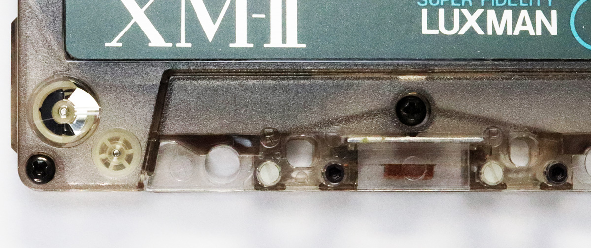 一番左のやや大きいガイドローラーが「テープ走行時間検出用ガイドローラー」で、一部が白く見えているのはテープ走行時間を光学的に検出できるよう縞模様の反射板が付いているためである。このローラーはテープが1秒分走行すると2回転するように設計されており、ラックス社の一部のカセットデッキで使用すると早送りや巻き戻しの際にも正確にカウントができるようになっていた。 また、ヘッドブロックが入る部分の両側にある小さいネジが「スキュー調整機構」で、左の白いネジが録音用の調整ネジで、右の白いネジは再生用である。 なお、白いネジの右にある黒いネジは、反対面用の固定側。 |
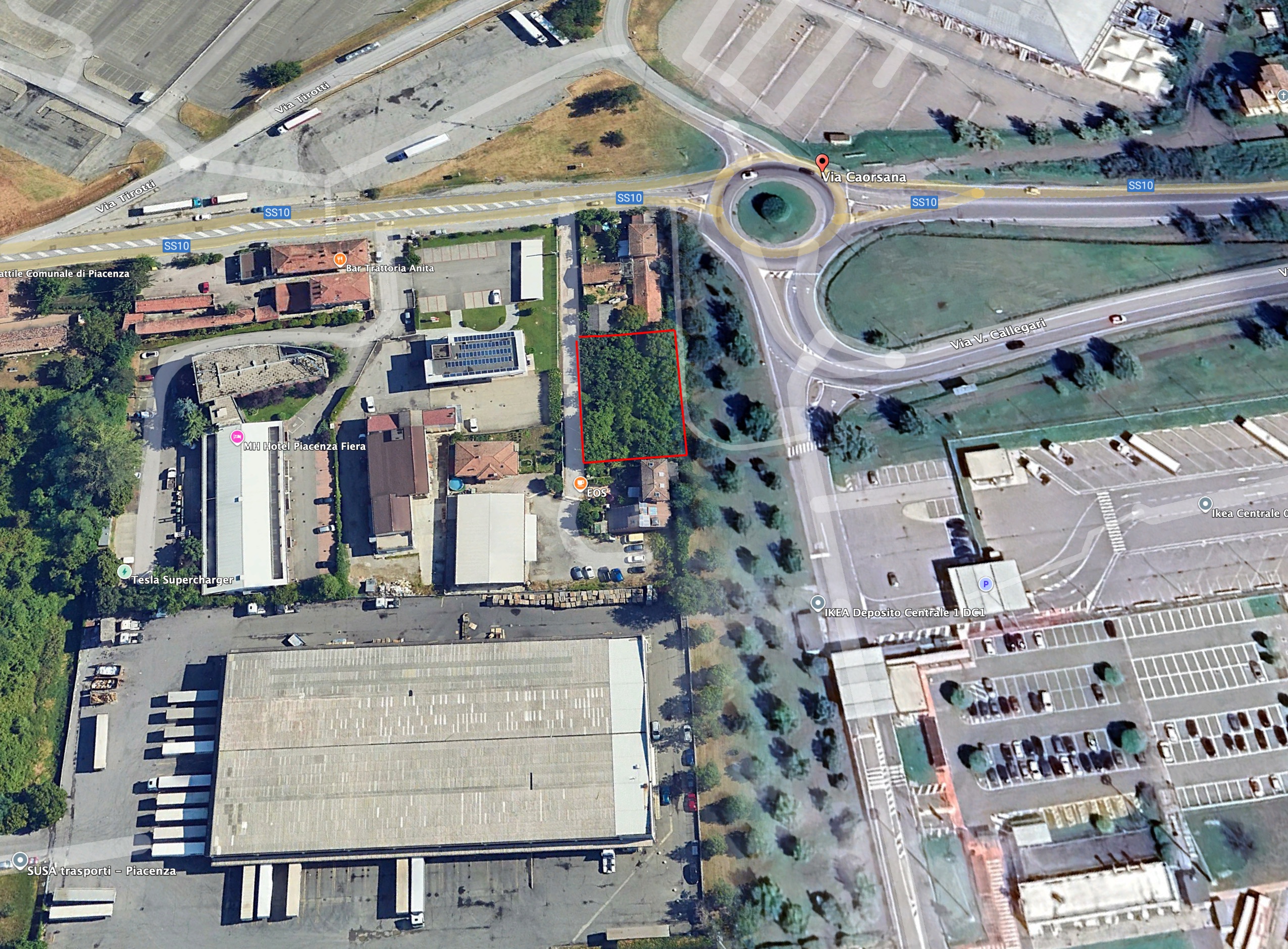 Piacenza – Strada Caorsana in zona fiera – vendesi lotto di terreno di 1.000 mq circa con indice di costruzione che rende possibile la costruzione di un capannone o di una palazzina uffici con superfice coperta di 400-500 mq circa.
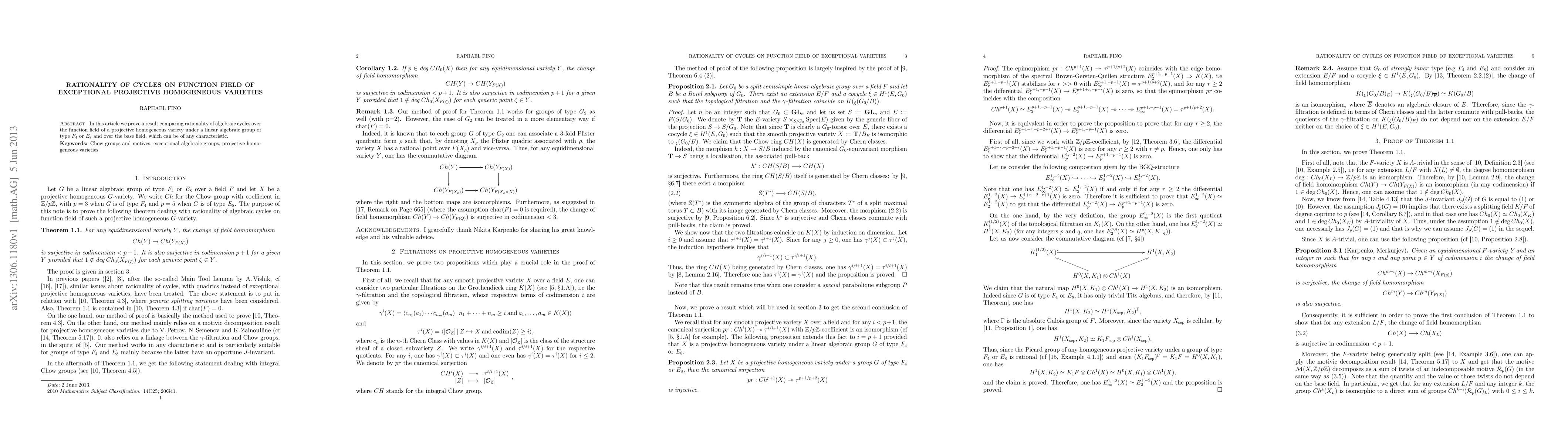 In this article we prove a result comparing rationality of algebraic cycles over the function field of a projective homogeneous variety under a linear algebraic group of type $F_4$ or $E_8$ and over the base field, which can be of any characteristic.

• [EXERCISE]
Copy out all of the data word for word. Do not carry over any picture.

• [FINISHED EXERCISE]
 一番左のやや大きいガイドローラーが「テープ走行時間検出用ガイドローラー」で、一部が白く見えているのはテープ走行時間を光学的に検出できるよう縞模様の反射板が付いているためである。このローラーはテープが1秒分走行すると2回転するように設計されており、ラックス社の一部のカセットデッキで使用すると早送りや巻き戻しの際にも正確にカウントができるようになっていた。 また、ヘッドブロックが入る部分の両側にある小さいネジが「スキュー調整機構」で、左の白いネジが録音用の調整ネジで、右の白いネジは再生用である。 なお、白いネジの右にある黒いネジは、反対面用の固定側。 |
 Piacenza – Strada Caorsana in zona fiera – vendesi lotto di terreno di 1.000 mq circa con indice di costruzione che rende possibile la costruzione di un capannone o di una palazzina uffici con superfice coperta di 400-500 mq circa.
 In this article we prove a result comparing rationality of algebraic cycles over the function field of a projective homogeneous variety under a linear algebraic group of type $F_4$ or $E_8$ and over the base field, which can be of any characteristic.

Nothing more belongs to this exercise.